Native Americans were one small constituency in a diverse whaling workforce brought together by ship owners for one purpose only—to cooperate in gathering whale products from the world’s oceans. The merchant investors, who did the initial hiring, sought trustworthy, skilled officers and cheap, hardy, and obedient laborers. With profit as their objective, they were open to hiring any man who could do the job but not if the crew’s social composition threatened orderly collaboration. From the top down, federal laws and industry standards applied measures to enhance productivity by dampening the volatility such diversity produced: they privileged rank over race and regulated the number of foreigners serving on American ships.
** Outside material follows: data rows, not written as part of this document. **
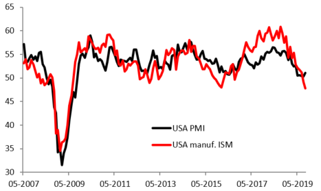 Az Egyesült Államok gazdasága már nem tud ellenállni a globális lassulásnak. Az amerikai gyártó ISM-index elérte az elmúlt évtized legalacsonyabb szintjét! Forrás: Macrobond, XTB Research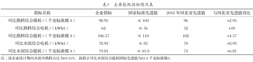 主要能耗指標情況具體如表3所示。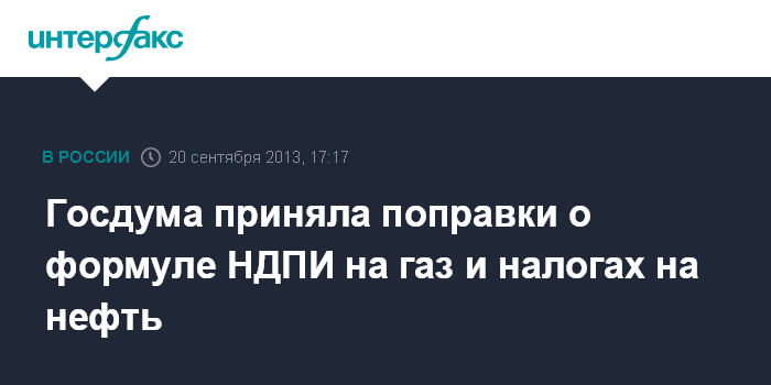 Госдума приняла поправки о формуле НДПИ на газ и налогах на нефть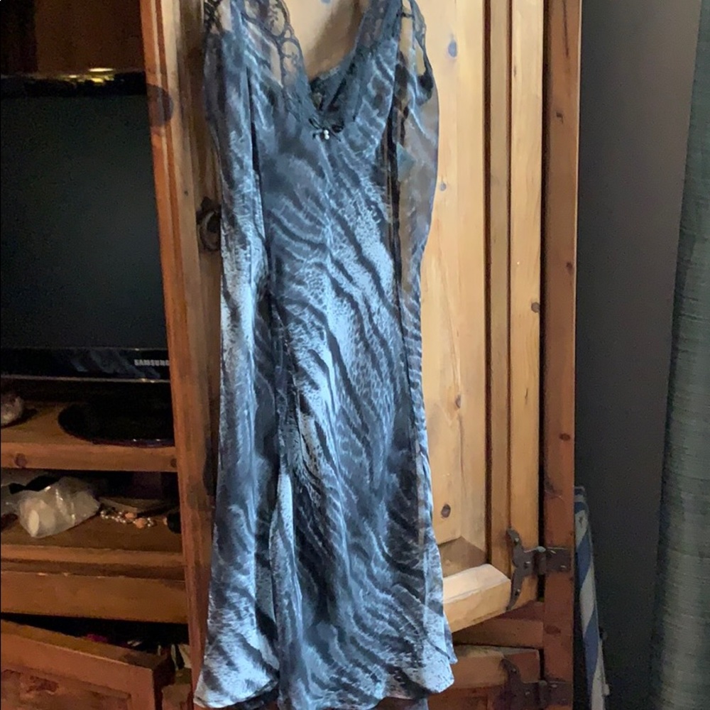 Sexy nightgown, camisole or just loungewear. Compliments a woman’s curves. Beautiful shear and made for pleasure. Adjustable straps and flowing right above the knee.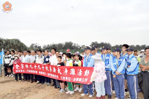 金寧鄉公所昨日辦理99年秋季淨灘活動,由鄉長陳成勇及環保局長楊世宏帶領國中小學生、駐軍及志工、清潔隊員三百餘人來清除海灘上的雜物、垃圾物品,還給海域水噹噹面貌。陳成勇希望藉由淨灘活動,提醒大家以實際的行動來為環保共同付出一份心力,一起維護大自然環境,才能永保青山綠水的自然資源。 秋季淨灘活動於昨日下午二時三十分在西堡海岸展開,包括鄉長陳成勇、環保局長楊世宏帶著金城分局金寧分駐所所長許耀華、鄉公所秘書傅仰鑫、盤山村長翁水河、金鼎校長張峰德、鄉公所員工、清潔隊長黃天文、清潔工、金寧鄉綜合福利服務隊志工,結合學區學校師生,及守備區駐軍和岸巡隊官兵三百多人,共聚在海岸廣場,大夥沿著海岸來淨灘,以實際行動來為海域「妝扮」。 陳成勇感謝大夥犧牲時間來參與活動,並指出西堡海岸毗連大陸,經常會因風向的關係而有大陸垃圾漂流來,鄉公所舉辦這項淨灘活動,就是希望喚起社會大眾對海岸維護的重視。也希望藉由淨灘活動,來喚起民眾重視維護大自然的環境,加強海岸環境清潔維護教育宣導,乾淨的環境需靠全民共同維護,只要你我不隨意棄置垃圾,落實垃圾不落地,就不會有垃圾漂流到海邊,影響大眾休閒生活品質。也盼望能號召更多民間義工團體認養、關懷、珍惜、愛護海岸。 楊世宏表示,為做好環境保護工作,地區各鄉鎮每年都辦理淨灘活動,以實際行動來為環保共同付出一份心力,一起維護大自然的環境,代表李縣長感謝大家為環保工作努力付出。 大夥沿著海岸線認真、賣力撿拾沙灘上的保麗龍、竹子、木板、瓶瓶罐罐,以及各式廢棄的垃圾,並立即由鄉公所垃圾車載往垃圾場處理,還給海域沙灘乾淨的面貌,顯得煥然一新。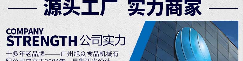 廣州旭眾食品機(jī)械有限公司是一家集科研開(kāi)發(fā),生產(chǎn)設(shè)計(jì),營(yíng)銷(xiāo)服務(wù)為一體的現(xiàn)代化生產(chǎn)企業(yè)?,F(xiàn)代化生產(chǎn)車(chē)間,精湛制造技術(shù),所產(chǎn)機(jī)械歷經(jīng)市場(chǎng)重重考驗(yàn),不斷贏得海內(nèi)外客戶的贊譽(yù)。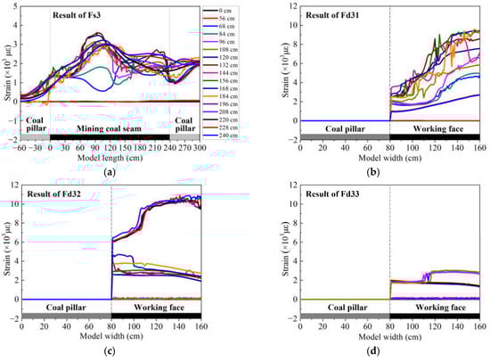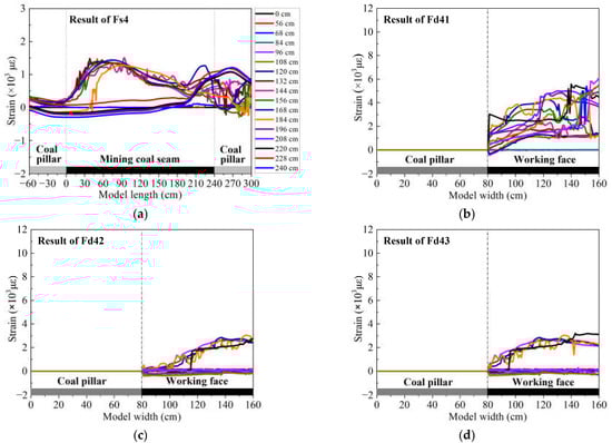 Figure 6b–d show the strain distributions of the optical fiber sensors Fd41, Fd42, and Fd43, respectively. The strain variation changes as the mining distance increases. The strain curve of Fd4 has a consistent increasing tendency with Fd3; the arched curve, without an obvious peak in the strain value and the sawtooth, is located at the model width of 90–110 cm. However, the maximum strain of the three measurement sections of the optical fiber sensor Fd4 is approximately 40,000 με, which is less than that of Fd3, indicating that the deformation and movement of the upper group of the HTC is much smaller than that of the lower group. This strain distribution comparison of Fd3 and Fd4 follows the same rule as that of Fs3 and Fs4, as mentioned above.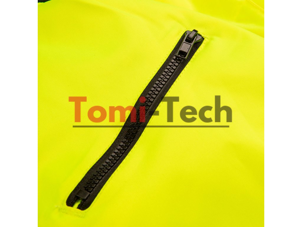 Pracovná reflexná zateplená bunda, žltá, veľkosť XL, vysoká viditeľnosť, trieda 2 podľa EN ISO 20471, tkanina 300D Oxford, 160 g/m² polyesterová výplň, početné multifunkčné vrecká na zips, veľké vnútorné vrecko, podlepené švy, vodeodolná a vetruodolná, kapucňa skrytá v golieri, flísový materiál vo vnútri goliera, elastický pás a manžety, certifikát CE, EN ISO 13688:2013Dodatočné parametre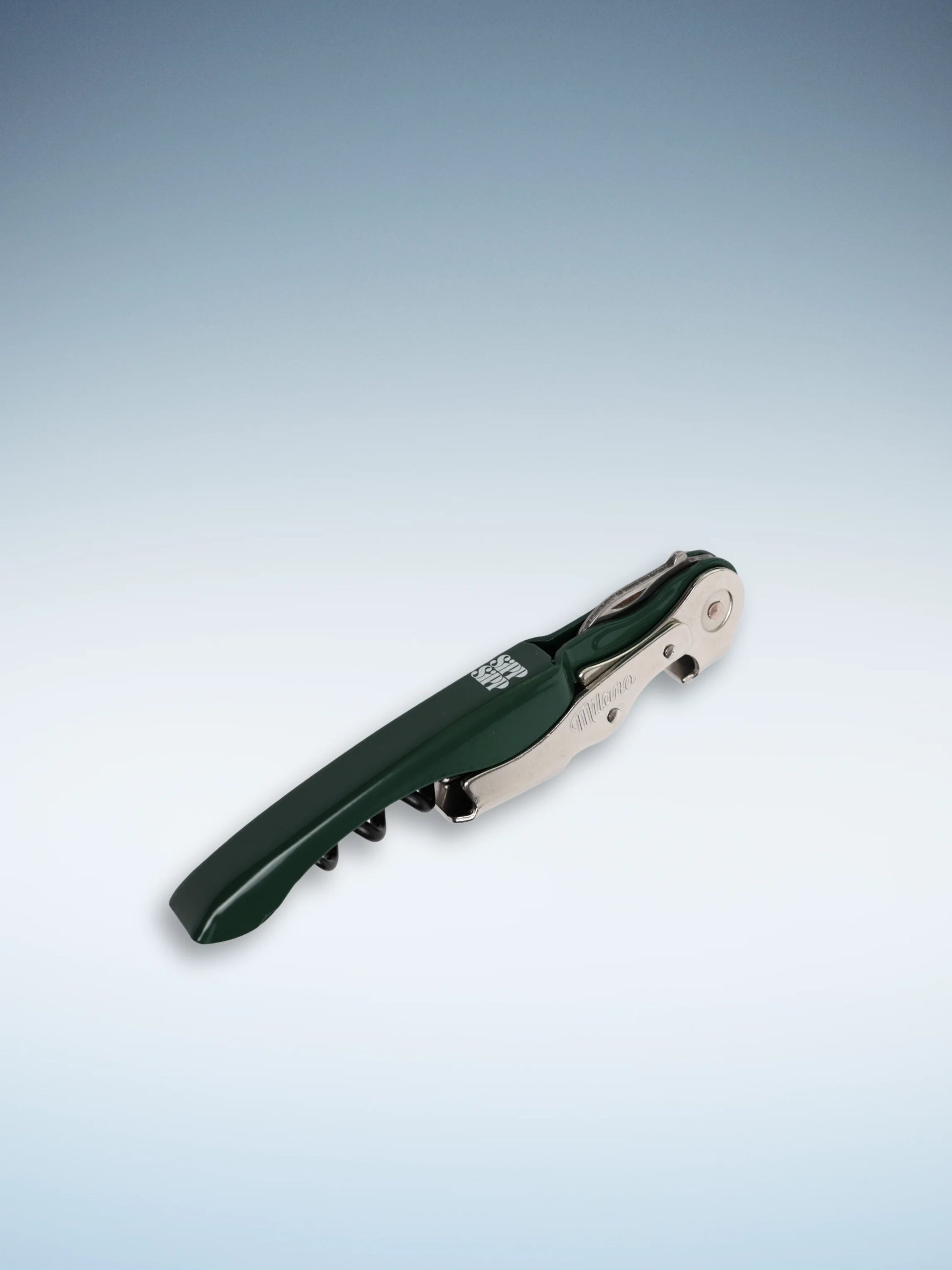 This wine opener features a patented two-step lever with an automatic shift for easy use. The corkscrew is coated with teflon to effortlessly slide through the cork, and the handle is rubberized for added comfort.

From the bottom up, seamen brought prejudices on board with them. The color of one’s skin, the land of one’s birth, and the language one spoke inflected how shipmates interacted with each other and at any time could combust in conflict. Even though race had no formal role in how the ship operated, it loitered beneath the surface to bear on who was hired to do what job and shadowed shipboard relations with unspoken assumptions. Cultural differences rooted in national origins, though more institutionalized in industry policies than race, created another kind of divisive social hierarchy informing shipboard relations. Gender had the capacity to ease tensions rooted in race and ethnicity by giving whalemen a means to construct a more unified shipboard culture around a common identity as men.
Race generalized to create distance between white men and men of color but also particularized to produce myriad, divergent experiences. That Native American and African American men were both racial minorities within the United States or that Native Americans and Pacific Islanders were both indigenous peoples confronting colonization suggests that bonds might have formed along these lines, but if any one ethnic group felt a special allegiance to another aboard ship, it is not apparent in whaling records. Even New England natives showed the strongest attachment to their own local communities, and Mashpee Wampanoags, Gay Head Wampanoags, and Shinnecocks often shipped in groups but did not usually intermingle. Five or six Shinnecocks on the same voyage was especially common. But the rare instances of Long Island natives and Wampanoags or Wampanoags from Mashpee and Martha’s Vineyard working on the same vessel appear to have happened only by chance. All whalemen recognized a connection as occupants of a small, floating social community, but their heterogeneity could often pull them apart.
Race was one of the most divisive elements even though it had no official function in how the whaling industry operated. Beginning with the first nationwide census in 1790, the U.S. Census Bureau highlighted race as a vital social characteristic for understanding the makeup of the American populace, but federal maritime law downplayed race. The U.S. Customs Bureau’s paperwork for overseas voyages—seamen’s certificates of protection, crew lists, and shipping articles—had no category for race. The certificate of protection acted like a passport. Issued by a port authority, it gave a seaman’s name, birthplace, place of residence, age, and height and described his complexion and hair for purposes of personal identification. As the early American republic’s response to Barbary pirates, French and British privateers, and British impressment of American sailors, the protection vaguely hinted at diplomatic relief for sailors captured by pirates or foreign governments. Inside the United States, federal and state laws left ambiguous the citizenship status of free blacks and did not consider Indians U.S. citizens, but as American-born seamen of color on overseas voyages, they were entitled to the same protection afforded white native-born and naturalized Americans.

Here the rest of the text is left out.